1 #Equal Contribution

2 Distribution of Nutritional and Mineral Components in Important Crop Plants

Katarina Vogel‐Mikuš1,2, Paula Pongrac1,2, Ivan Kreft3, Primož Pelicon2, Primož Vavpetič2, Boštjan Jenčič2, Johannes Teun van Elteren4, Peter Kump2, Sudhir P. Singh5, and Marjana Regvar1

1 Biotechnical Faculty, University of Ljubljana, Ljubljana, Slovenia

2 Jozef Stefan Institute, Ljubljana, Slovenia

3 Nutrition Institute, Ljubljana, Slovenia

4 National Institute of Chemistry, Ljubljana, Slovenia

5 Center of Innovative and Applied Bioprocessing (DBT‐CIAB), Mohali, Punjab, India

CHAPTER MENU

2.1 Introduction

2.2 Exploring Nutrient Distribution in Grain 2.2.1 Matrix Assisted Laser/Desorption/Ionization 2.2.2 Secondary Ion Mass Spectroscopy 2.2.3 Fourier Transform Infrared Spectroscopy

2.3 Exploring the Mineral Distribution in Grain 2.3.1 Nuclear Microprobe 2.3.2 Synchrotron Radiation X‐Ray Florescence Spectrometry 2.3.3 Laser Ablation‐Inductively Coupled Plasma Mass Spectrometry 2.3.4 Nano Secondary Ion Mass Spectrometry 2.3.5 Sample Preparation

2.4 Prospect

2.1 Introduction

Plants provide us with essential energy‐rich compounds, minerals, vitamins, amino and fatty acids, and a wealth of health‐promoting compounds (Eckardt 2011). The cultivation of new, high‐yielding varieties and the ever‐increasing use of mineral fertilizers and pesticides has led to a significant increase in crop yields. However, the quality of edible plants related to human nutrition did not receive proper attention until the 1990s, when an increasing number of reports started to appear on inadequate diet and unbalanced nutrition in vulnerable, low‐income populations in many countries, leading to poor health, low productivity and an increase in chronic diseases (Eckardt 2011).

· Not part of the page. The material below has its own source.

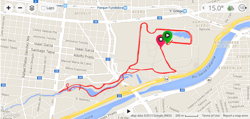 En resumidas cuentas, la cuesta final de un entrenamiento largo para una carrera importante nunca es fácil. Pero no todo ha sido malo, también he tenido algunos buenos entrenamientos que pronto les contaré. El sábado por ejemplo, por segundo fin consecutivo nos fuimos a fundidora a correr 15K. La ventaja de esta ruta es que es plana, solo que hoy metimos un poco de variedad corriendo también por Santa Lucía y eso si incluye algunos puentes. Esta fue la ruta:

The quality of crops and their produce is a highly complex concept as it depends on the large number of plant traits which, in turn, are controlled by numerous underlying genetic and exogenous factors. In addition, the global increase in temperature, UV radiation, CO 2and ozone pollution, and drought and field salinization, place an even greater strain on crop performance. The need to adapt to constantly changing abiotic conditions leads to unpredictable changes in the biochemical composition of crops and, consequently, in the quality of food. In addition, biotic stress such as bacterial, fungal, and viral infections induce changes in the metabolic pathways with the aim of synthesizing self‐protecting biochemicals, but often at the expense of energy‐rich and health‐promoting compounds such as anthocyanins.

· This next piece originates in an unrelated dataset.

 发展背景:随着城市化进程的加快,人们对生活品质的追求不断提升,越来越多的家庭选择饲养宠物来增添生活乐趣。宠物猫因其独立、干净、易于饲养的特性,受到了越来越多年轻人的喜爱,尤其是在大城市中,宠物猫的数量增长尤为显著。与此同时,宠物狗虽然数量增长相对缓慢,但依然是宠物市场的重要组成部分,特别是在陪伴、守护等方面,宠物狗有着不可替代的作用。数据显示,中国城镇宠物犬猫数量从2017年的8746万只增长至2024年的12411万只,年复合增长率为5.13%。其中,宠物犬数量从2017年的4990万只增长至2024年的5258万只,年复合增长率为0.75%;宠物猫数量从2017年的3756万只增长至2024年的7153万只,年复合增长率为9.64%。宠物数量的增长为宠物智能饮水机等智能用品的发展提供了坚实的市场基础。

This chapter will focus on cereals and pseudo‐cereal plants that produce starchy grains since they are part of almost every meal we eat. Grains consists of the plant embryo – a miniature plant – and the seed coat that protects the embryo from abiotic and biotic stress. Storage compounds (starch, proteins, and lipids) that provide energy and building blocks for the young, developing plant after germination, are stored in the endosperm or in the cotyledons, while minerals are mainly stored in the aleurone layer or in the embryo. Nutrients and minerals are not evenly distributed within the grain (Pongrac et al. 2011; Singh et al. 2013, 2014; Vogel‐Mikuš et al. 2014; Mantouvalou et al. 2017). This is of high relevance for human nutrition, as cereals are usually processed before consumption, and certain nutritious compounds stored in the seed coat or embryonic tissue may be lost. There is, therefore, an urgent need to develop research tools that will provide better insights into the 2D and 3D spatial distribution of nutrients and minerals in cereals and the mechanisms behind these distribution patterns.